Merry Christmas from Annapolis!
So much talk about the failing American automotive industry, and the suggestion that there should be another bailout, have caused me to take a closer look at what we can do at the state level to help our local car dealers and their employees and the local auto parts manufacturers.
First, as you probably already know, I do not support another bailout, including that for the auto industry. From talking to local dealers, it is clear to me that the bailout would do nothing locally to help Marylanders. So I am drafting legislation to suspend the 6% new car tax on American-built cars and trucks from the Big Three auto makers for a 90-day period, starting in the middle of February 2009. This will give an instant rebate to the purchaser of the vehicle, who of course would be a Maryland taxpayer. With the discounts that American auto dealers are already offering, this will add another 6% to that discount, making the average discount about 20%. As one dealer told me, that should be enough incentive to help carry them through this economic downturn and prevent them from having to make additional layoffs. The cost of these layoffs to all Marylanders would greatly outweigh the cost of suspending the tax for a short 90-day period.

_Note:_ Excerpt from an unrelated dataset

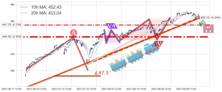 🍖 长线趋势跟踪组合短线均值回复[强支撑信号]2021-06-18 14:00-2021-09-09 13:00上升趋势依然成立(上涨趋势跟踪依然可行),短线价格略微下行回调(均值回复猜想),即将接近趋势提供的未破位的支撑价格:452.12。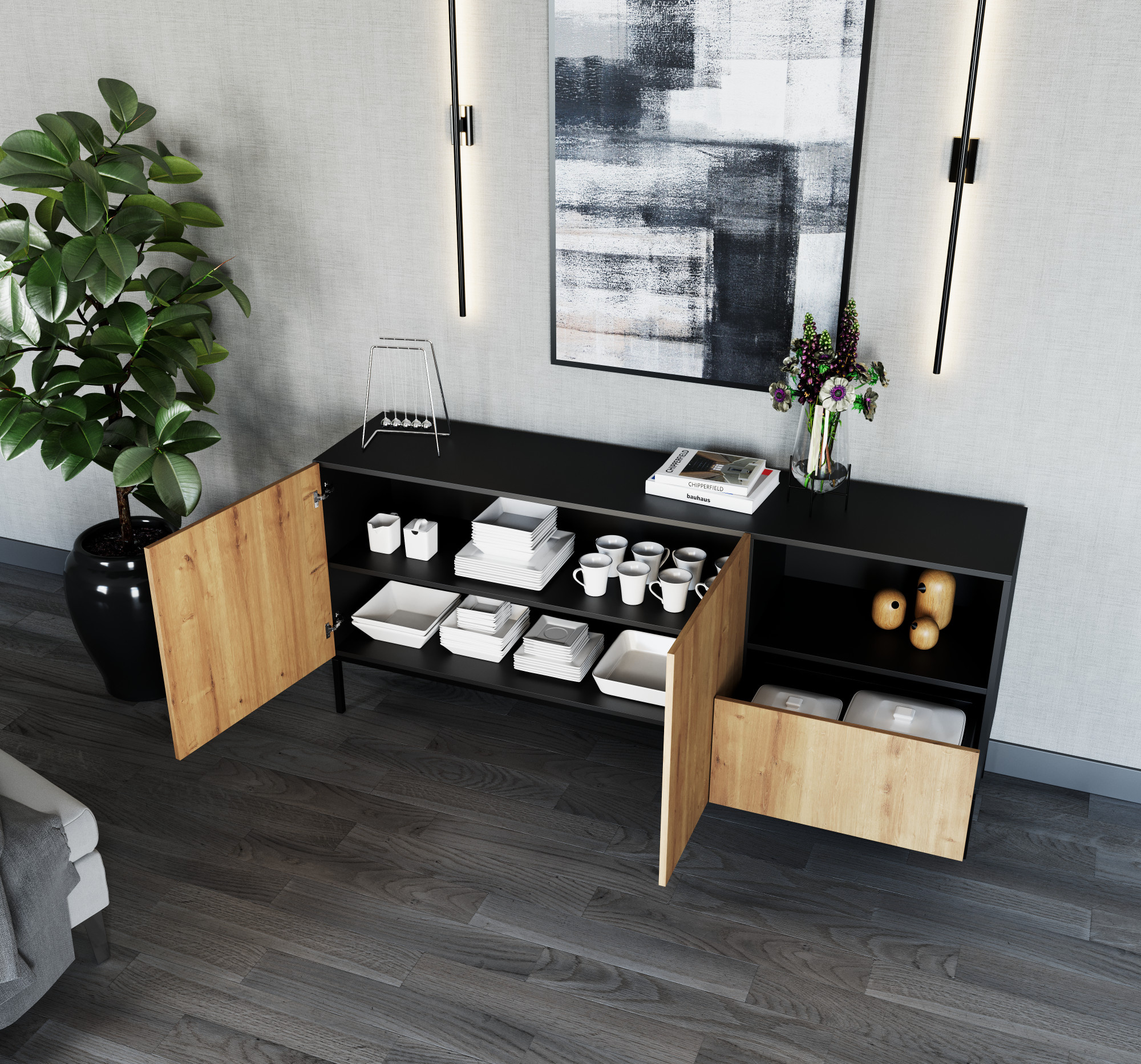The large Lanzzi dresser with one spacious drawer has a clean silhouette and a neutral, solid finish that blends in with almost any color palette. The drawer opens smoothly and is nearly silent, thanks to a quiet-closing function. In addition, the dresser features two, large shelves that are hidden behind a pair of lockable doors. The third shelf is not covered, which gives the opportunity to display, for example, photos or candles. Nearly two meters wide, the Lanzzi chest of drawers allows you to hide a large amount of spare bedding, shirts, pants and other closet essentials. The furniture's matte colors were created in the following configurations: matte black combined with artisan oak and matte black only. This gives you the opportunity to choose from the popular black color and the wood associated with nature. An addition to the black option are gold handles. While the second version opens with "push to open" hinges, which only need to be pressed lightly to use the shelves or drawers in the Lanzzi dresser. Black metal legs of 20 cm give the furniture a sense of stability, and at the same time are an interesting addition.Available in two color versionsHeight: 80 cm Depth: 40 cm Width: 180 cm Weight: 51 kg Plastic configuration: black matte+artisan oak / black matte+black matte Frame color: black Material: MDF board Design of legs: metal Height of legs: 20 cm Number of drawers: 1 Number of doors: 2 Number of closed shelves: 2 Number of open shelves: 1

I hope to meet some time this week with Mr. Kitzmiller from the automotive dealers association to work on a plan to promote new cars for sale and this important piece of legislation, which is not a hand-out or a hands-up approach, but instead is a 90-day hands-off of the auto industry to help them recover on their own.

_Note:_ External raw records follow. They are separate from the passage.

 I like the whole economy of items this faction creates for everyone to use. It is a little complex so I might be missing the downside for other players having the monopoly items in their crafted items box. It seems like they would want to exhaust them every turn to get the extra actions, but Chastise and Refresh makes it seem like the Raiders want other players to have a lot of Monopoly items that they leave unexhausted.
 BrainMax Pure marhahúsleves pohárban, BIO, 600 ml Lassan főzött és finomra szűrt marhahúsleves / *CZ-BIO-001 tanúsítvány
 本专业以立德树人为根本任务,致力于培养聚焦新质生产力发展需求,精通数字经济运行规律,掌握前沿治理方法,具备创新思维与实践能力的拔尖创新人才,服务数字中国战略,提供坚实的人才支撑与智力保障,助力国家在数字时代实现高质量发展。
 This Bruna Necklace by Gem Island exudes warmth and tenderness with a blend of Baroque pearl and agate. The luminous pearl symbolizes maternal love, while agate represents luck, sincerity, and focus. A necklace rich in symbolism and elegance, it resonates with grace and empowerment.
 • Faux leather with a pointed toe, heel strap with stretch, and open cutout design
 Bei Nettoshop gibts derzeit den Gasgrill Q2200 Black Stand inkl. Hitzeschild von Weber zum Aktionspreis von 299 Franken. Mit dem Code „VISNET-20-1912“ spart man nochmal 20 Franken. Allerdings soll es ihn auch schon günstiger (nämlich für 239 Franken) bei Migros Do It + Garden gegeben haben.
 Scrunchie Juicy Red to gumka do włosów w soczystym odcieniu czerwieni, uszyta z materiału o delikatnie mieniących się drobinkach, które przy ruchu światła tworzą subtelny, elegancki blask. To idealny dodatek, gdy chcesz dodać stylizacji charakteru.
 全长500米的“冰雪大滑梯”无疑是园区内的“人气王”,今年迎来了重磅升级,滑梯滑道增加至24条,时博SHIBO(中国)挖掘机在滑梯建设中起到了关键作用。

The average taxes on a new car range from $1500 to $2000, and in most cases you cannot finance that cost related to purchase. So in reality what this bill does is put that money into the purchaser’s hands as a down payment — without the State spending a dime.
Rick Impallaria
Delegate, District 7
rick.impallaria@house.state.md.us
Aberdeen Council President Mike Hiob says
Delegate Rick,
While I generally agree with the idea and philosophy you’re conveying, I take issue with your last line “without the State spending a dime”. While that statement is true on the surface, based upon your own statement, the State would lose $1500 to $2000 on average, per vehicle sold AND registered in Maryland. So I ask you this….Are there any potential ramifications for the lost revenue that WOULD have come into the State coffers if your proposed legislation is enacted? I’m not playing semantics (like “taxes” -vs- “fees”), I’m just asking the question because I’m hoping that the POTENTIAL loss of revenue to the State wouldn’t be passed on to the Counties and Municipalities.
Thank You,
Council President Mike
Dave Yensan says
Mike Hiob has to quit using logic! You’ve been in government long enough to know that the same rules that apply to business can not be used in government. Rick is right in that it won’t cost the State anything and you are right in thinking that the lost revenue source will be damaging. Ultimately all levels; State, County and Municipality will continue to cost the same plus annual increases, so any lost source has to be accounted for somewhere else. If the State cuts off a revenue source the end result is that the local governments have to make up for it in higher real estate taxes. The only way that I could ever support Delegate Rick’s idea is if he could show how the State would accommodate the lost revenue, i.e. cutting the legislative payroll by the same amount!
Steve says
Why should this support only the big 3? Most of the foreign-based automakers assemble their cars here, relying on U.S. citizens to provide the labor. Why should they be exempt from this tax? Are these Honda’s and Toyota’s not “American-built”?
Dell says
Think you’re on to something, Steve. This amounts to a protectionist tariff on all foreign makes. And, like Dave says, the revenue will have to be made up from some other source. Would they then not have to RAISE the taxes on these vehicles to make up the difference?